* _DATA SEGMENT_:
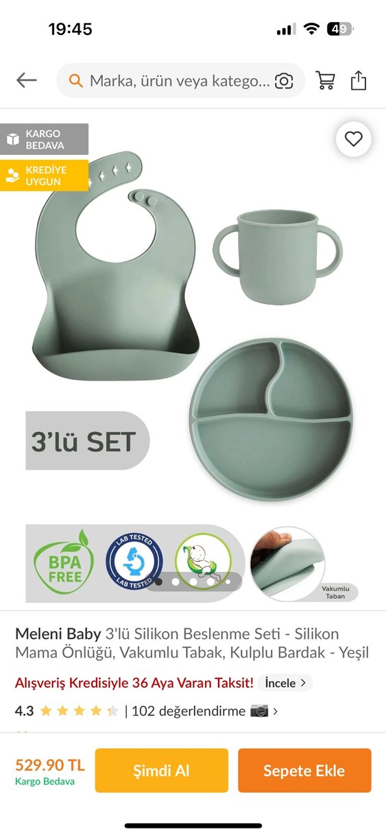 Meleni Baby 3 parçalı silikon beslenme seti; mama önlüğü, vakumlu tabak ve kulplu bardak içerir. BPA içermeyen yumuşak silikon malzeme kullanılmıştır. ️Sağlam. Elimde çok fazla yenidoğan ürün var. Takipte kalın. Mesaj atabilirsiniz. Kendi fotoğraflarını yükleyeceğim.
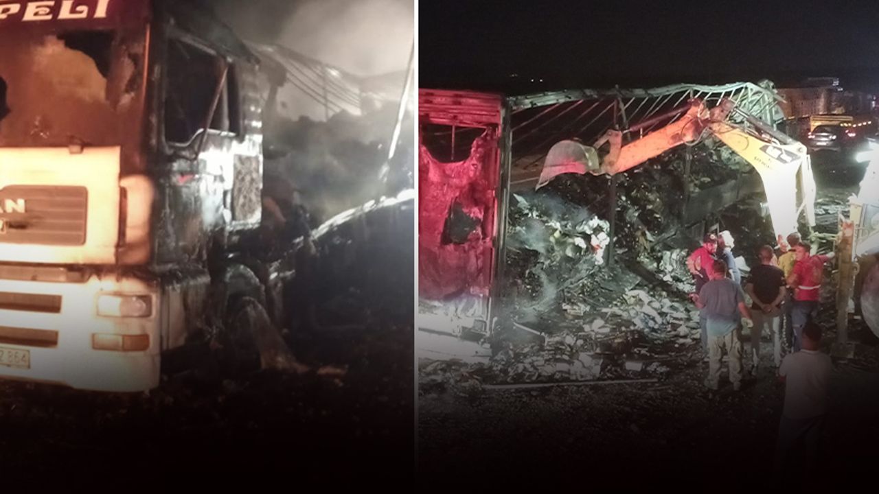 Ev eşyası yükü olan TIR'daki alev bir anda büyüdü ve patlamalara neden oldu.
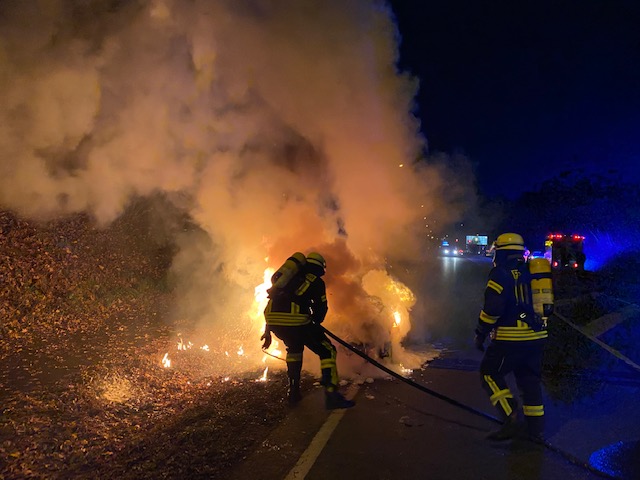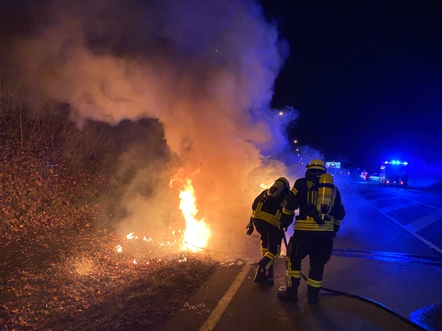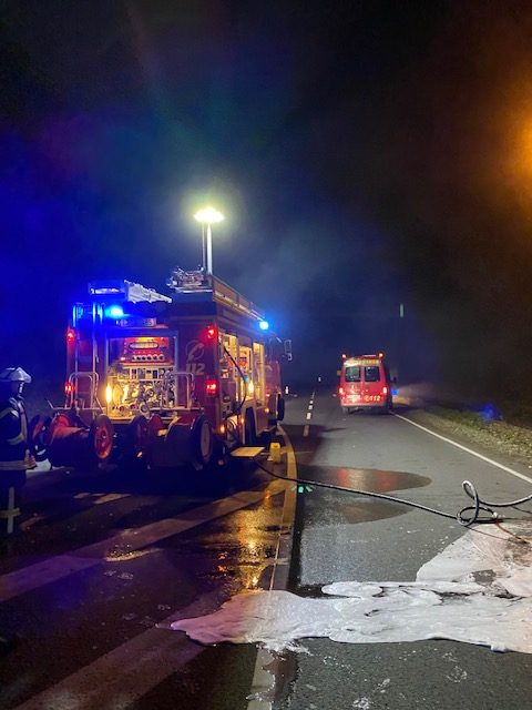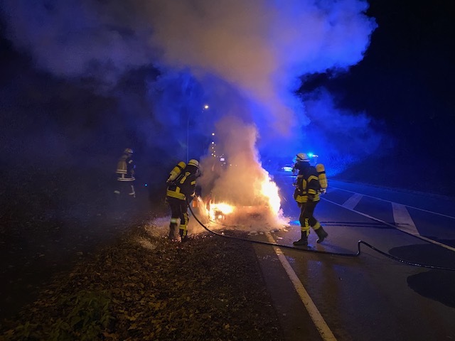 Auf der B1 Hellweg kurz vor der Brücke in Richtung Herrentrup kam es zu einem PKW-Brand. Als wir eintrafen stand bereits der komplette vordere Bereich des PKW´s in Vollbrand. Der Blomberger Rettungswagen der von einer Einsatzfahrt zurück kam, leistete sofort Erste Hilfe. Wir löschten den PKW mit der Schaum-Pistole ab und reinigten anschließend die Fahrbahn.

* _TASK OBJECTIVE_: From the first line to the last, give the data again exactly, but without pictures.

* _RESPONSE TO THIS TASK_:
 Meleni Baby 3 parçalı silikon beslenme seti; mama önlüğü, vakumlu tabak ve kulplu bardak içerir. BPA içermeyen yumuşak silikon malzeme kullanılmıştır. ️Sağlam. Elimde çok fazla yenidoğan ürün var. Takipte kalın. Mesaj atabilirsiniz. Kendi fotoğraflarını yükleyeceğim.
 Ev eşyası yükü olan TIR'daki alev bir anda büyüdü ve patlamalara neden oldu.
 Auf der B1 Hellweg kurz vor der Brücke in Richtung Herrentrup kam es zu einem PKW-Brand. Als wir eintrafen stand bereits der komplette vordere Bereich des PKW´s in Vollbrand. Der Blomberger Rettungswagen der von einer Einsatzfahrt zurück kam, leistete sofort Erste Hilfe. Wir löschten den PKW mit der Schaum-Pistole ab und reinigten anschließend die Fahrbahn.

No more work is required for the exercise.